Wed Jul 28 11:19:09 CEST 2004

M.-A. Lemburg wrote:

> Martin v. Löwis wrote:
> 
>> M.-A. Lemburg wrote:
>>
>>> I like the idea, but don't think the implementation is
>>> the right way to do it. Instead, I'd suggest using a new
>>> error handling strategy "break" ( = break processing as
>>> soon as errors are found).
>>
>> Can you demonstrate this approach in a patch? I think it
>> is unimplementable: the codec cannot communicate to the
>> error callback that it ran out of data.
> 
> The codec can: the callback gets all the necessary information
> and can even manipulate the objects being worked on.
> 
> But you have a point: the current implementations of the
> various encode/decode functions don't provide interfaces to
> report back the number of bytes read at C level - the codecs
> module wrappers add these numbers assuming that all bytes
> were read.

This is the correct thing to do for the stateless decoders:
any incomplete byte sequence at the end of the input is an
error. But then it doesn't make sense to return the number
of bytes decoded for the stateless decoder, because this is
always the size of the input. For the stateful decoder this
is just some sort of state common to all decoders: the decoder
keeps the incomplete byte sequence to be used in the next call.
But then this state should be internal to the decoder and not
part of the public API. This would make the decode() method
more usable: When you want to implement an XML parser that
supports the xml.sax.xmlreader.IncrementalParser interface,
you have an API mismatch. The parser has to use the stateful
decoding API (i.e. read()), which means the input is in the
form of a byte stream, but this interface expects it's input
as byte chunks passed to multiple calls to the feed() method.
If StreamReader.decode() simply returned the decoded unicode
object and keep the remaining undecoded bytes as an internal
state then StreamReader.decode() would be directly usable.

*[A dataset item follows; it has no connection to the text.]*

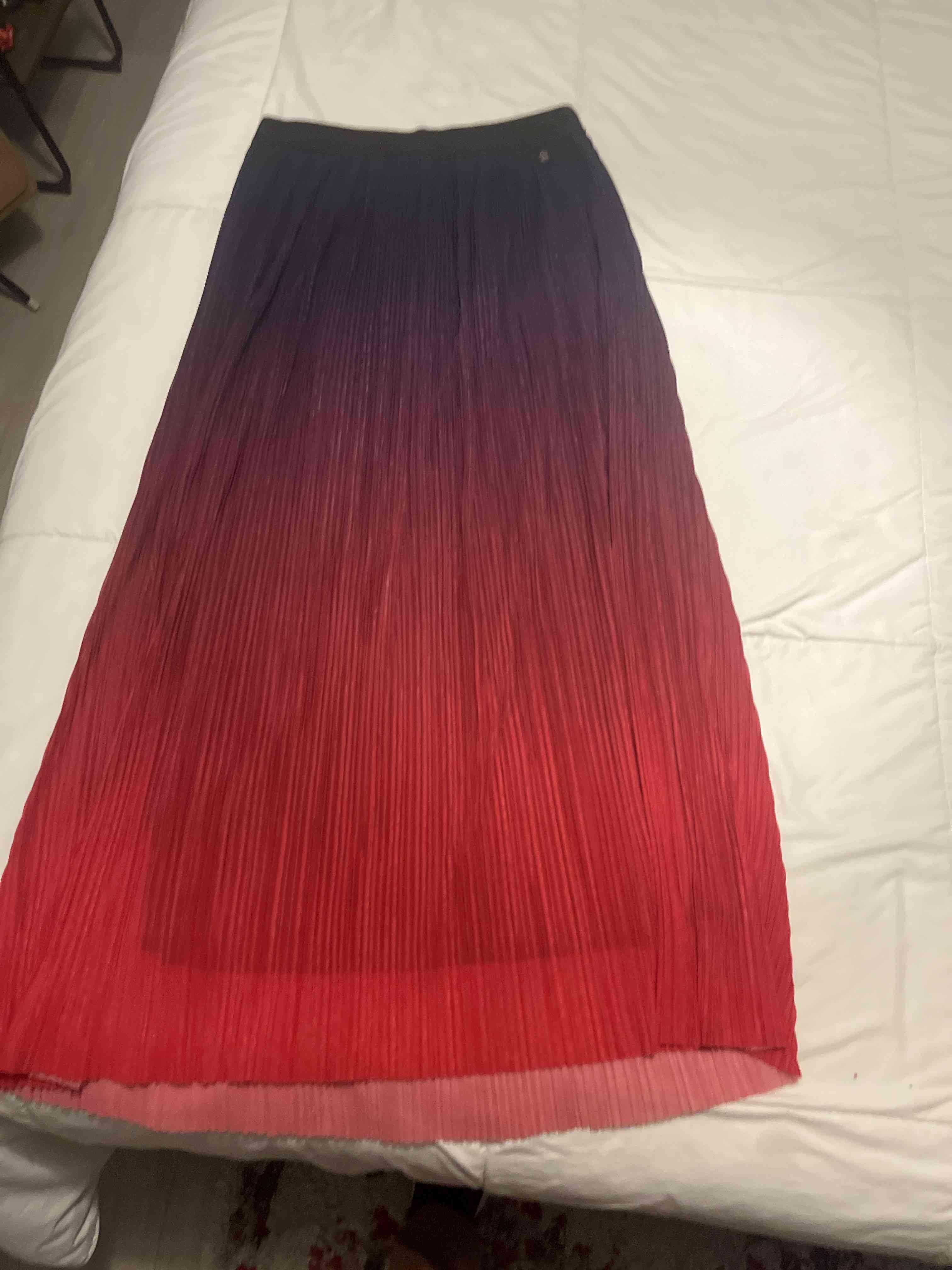 Falda larga con efecto degradé de negro a rojo. Perfecta para ocasiones especiales. En buen estado.

But this isn't really a "StreamReader" any more, so the best
solution would probably be to have a three level API:
* A stateless decoding function (what codecs.getdecoder
   returns now);
* A stateful "feed reader", which keeps internal state
   (including undecoded byte sequences) and gets passed byte
   chunks (should this feed reader have a error attribute or
   should this be an argument to the feed method?);
* A stateful stream reader that reads its input from a
   byte stream. The functionality for the stream reader could
   be implemented once using the underlying functionality of
   the feed reader (in fact we could implement something similar
   to sio's stacking streams: the stream reader would use
   the feed reader to wrap the byte input stream and add
   only a read() method. The line reading methods (readline(),
   readlines() and __iter__() could be added by another stream
   filter)

> The error callbacks could, however, raise an exception which
> includes all the needed information, including any state that
> may be needed in order to continue with coding operation.

This makes error callbacks effectively unusable with stateful
decoders.

> We may then need to allow additional keyword arguments on the
> encode/decode functions in order to preset a start state.

As those decoding functions are private to the decoder that's
probably OK. I wouldn't want to see additional keyword arguments
on str.decode (which uses the stateless API anyway). BTW, that's
exactly what I did for codecs.utf_7_decode_stateful, but I'm not
really comfortable with the internal state of the UTF-7 decoder
being exposed on the Python level. It would be better to encapsulate
the state in a feed reader implemented in C, so that the state is
inaccessible from the Python level.

Bye,
    Walter Dörwald